**Exercise goal**
Leave every picture behind and copy the rest of the entries below exactly.

**Records for processing**
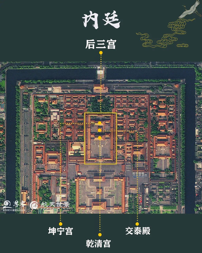▲上图为内廷后三宫分布图,卫星数据来源:高景一号;下图为乾清宫,图片来源:视觉中国。
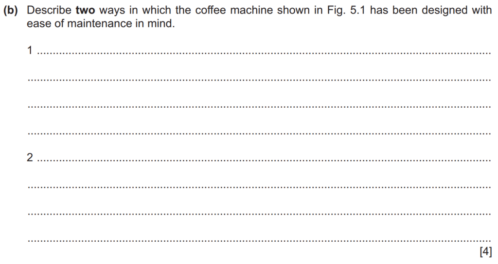 Examiner comment: Candidates were asked to describe two ways in which the coffee machine has been designed with ease of maintenance in mind. Answers included that the parts of the coffee machine are made of materials such as stainless steel and smooth plastic that can easily be wiped clean, that the machine can easily be opened for a mechanic to remove and replace broken parts and that the machine uses standardised components, such as the digital display that are readily available and can be quickly replaced if faulty.
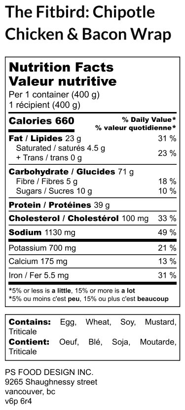 Rossdown Halal chicken breast, kale, sweet potatoes, chipotle peppers, filtered water, light mayonnaise (water, soybean oil, modified cornstarch, sugar, corn, maltodextrin, liquid whole egg, vinegar, salt, liquid egg yolk, mustard, lactic acid, potassium sorbet, phosphoric acid, dried onion, dried garlic, calcium disodium EDTA, spice), turkey bacon, spinach tortilla (enriched wheat flour, water, vegetable oil, rice flour, salt, sugar, spinach, baking powder, monoglycerides, calcium propionate, propylene glycol, fumaric acid, guar gum, potassium sorbate)
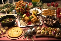 シェフが腕によりをかけた本格イタリアンがブッフェボードを華やかに彩ります。前菜には「マグロ・アボガド・トマトのクリスマスカラーのブルスケッタ」や「タイのカルパッチョ・クリスマス・リース仕立て」など、クリスマスをお祝いするメニューをご用意。メイン料理にはクリスマスの定番であるローストチキンに加え、トスカーナ地方の伝統料理「豚肉のアリスタ」やシチリア地方の甘酸っぱい味が特徴の「鴨ロース肉のアグロドルチェ」、ナポリ名物「漁師風ペスカトーレ」など、イタリア各地を代表する料理で華を添えます。デザートコーナーには、定番の「ブッシュ・ド・ノエル」やサンタクロースを飾った「クリスマス・ショートケーキ」、クリスマスツリーに見立てた「ミニタルト」など、パティシエ特製のスイーツが並び、最後まで贅沢な気分でお楽しみいただけます。
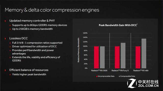 半导体工艺对芯片性能、功耗的影响是根本性的,根据官方资料,AMD选择的三星14nmFinFET工艺使得显卡运行电压降低了150mV,功耗降低了30%,所以架构使用的14nm工艺相比28工艺能提升70%的每瓦性能比,但在AMD优化之后,新显卡的能效比最终达到了前代水平的2.8倍。
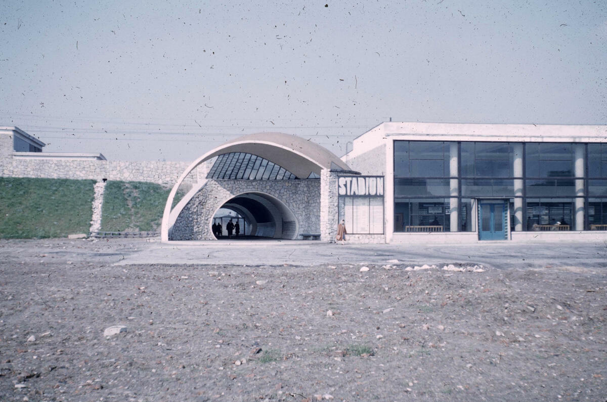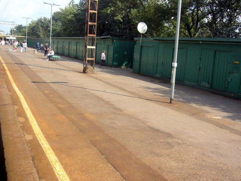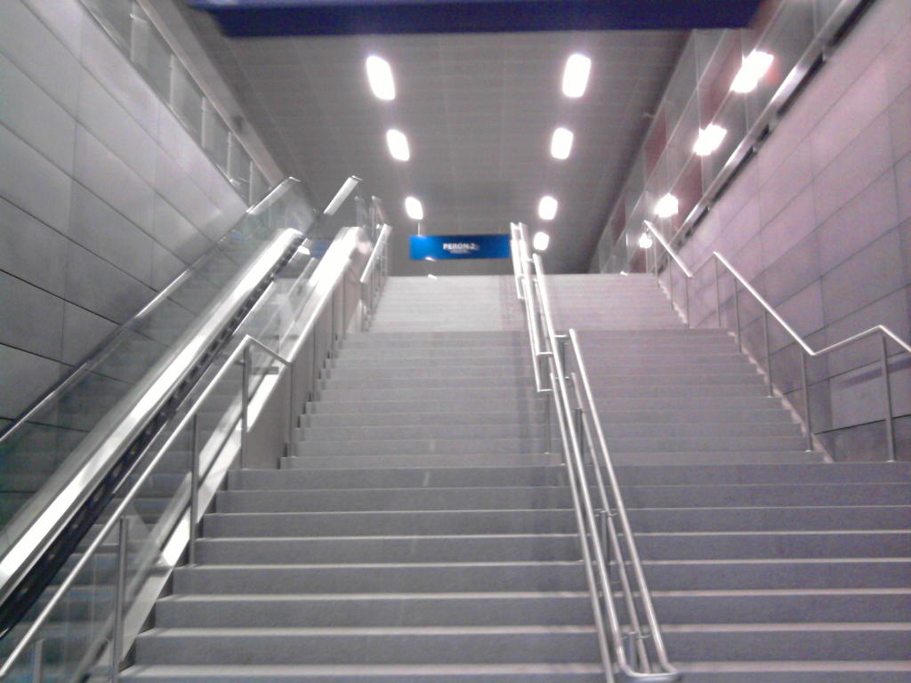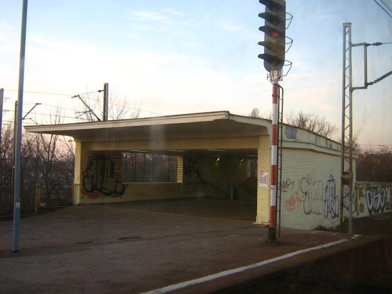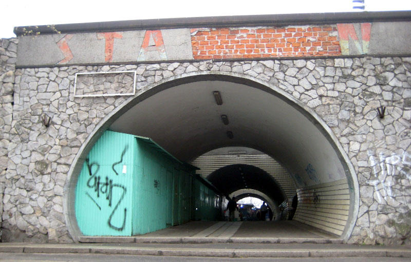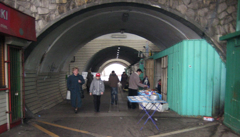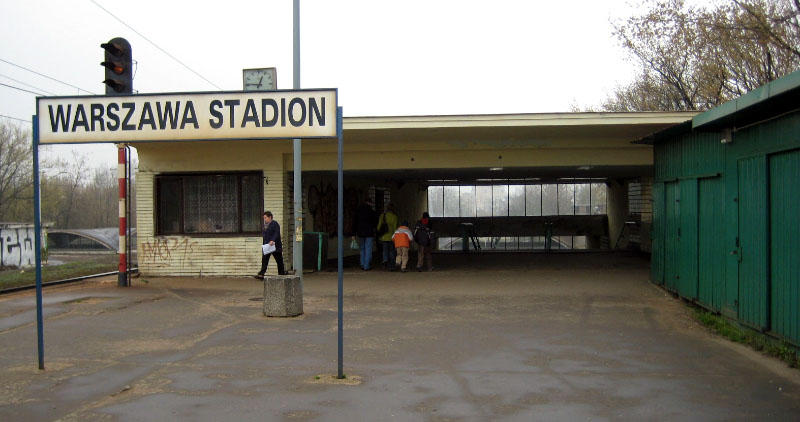 Przystanek PKP Warszawa Stadion. Wejście z peronu 1 do przejścia podziemnego. Charakterystyczną cechą tego peronu jest prawa ściana zbudowana z magazynów towarów handlarzy największego targowiska Europy Wschodniej. Ściana ta ciągnie się wzdłuż całego peronu.

**Answer section**
▲上图为内廷后三宫分布图,卫星数据来源:高景一号;下图为乾清宫,图片来源:视觉中国。
 Examiner comment: Candidates were asked to describe two ways in which the coffee machine has been designed with ease of maintenance in mind. Answers included that the parts of the coffee machine are made of materials such as stainless steel and smooth plastic that can easily be wiped clean, that the machine can easily be opened for a mechanic to remove and replace broken parts and that the machine uses standardised components, such as the digital display that are readily available and can be quickly replaced if faulty.
 Rossdown Halal chicken breast, kale, sweet potatoes, chipotle peppers, filtered water, light mayonnaise (water, soybean oil, modified cornstarch, sugar, corn, maltodextrin, liquid whole egg, vinegar, salt, liquid egg yolk, mustard, lactic acid, potassium sorbet, phosphoric acid, dried onion, dried garlic, calcium disodium EDTA, spice), turkey bacon, spinach tortilla (enriched wheat flour, water, vegetable oil, rice flour, salt, sugar, spinach, baking powder, monoglycerides, calcium propionate, propylene glycol, fumaric acid, guar gum, potassium sorbate)
 シェフが腕によりをかけた本格イタリアンがブッフェボードを華やかに彩ります。前菜には「マグロ・アボガド・トマトのクリスマスカラーのブルスケッタ」や「タイのカルパッチョ・クリスマス・リース仕立て」など、クリスマスをお祝いするメニューをご用意。メイン料理にはクリスマスの定番であるローストチキンに加え、トスカーナ地方の伝統料理「豚肉のアリスタ」やシチリア地方の甘酸っぱい味が特徴の「鴨ロース肉のアグロドルチェ」、ナポリ名物「漁師風ペスカトーレ」など、イタリア各地を代表する料理で華を添えます。デザートコーナーには、定番の「ブッシュ・ド・ノエル」やサンタクロースを飾った「クリスマス・ショートケーキ」、クリスマスツリーに見立てた「ミニタルト」など、パティシエ特製のスイーツが並び、最後まで贅沢な気分でお楽しみいただけます。
 半导体工艺对芯片性能、功耗的影响是根本性的,根据官方资料,AMD选择的三星14nmFinFET工艺使得显卡运行电压降低了150mV,功耗降低了30%,所以架构使用的14nm工艺相比28工艺能提升70%的每瓦性能比,但在AMD优化之后,新显卡的能效比最终达到了前代水平的2.8倍。
 Przystanek PKP Warszawa Stadion. Wejście z peronu 1 do przejścia podziemnego. Charakterystyczną cechą tego peronu jest prawa ściana zbudowana z magazynów towarów handlarzy największego targowiska Europy Wschodniej. Ściana ta ciągnie się wzdłuż całego peronu.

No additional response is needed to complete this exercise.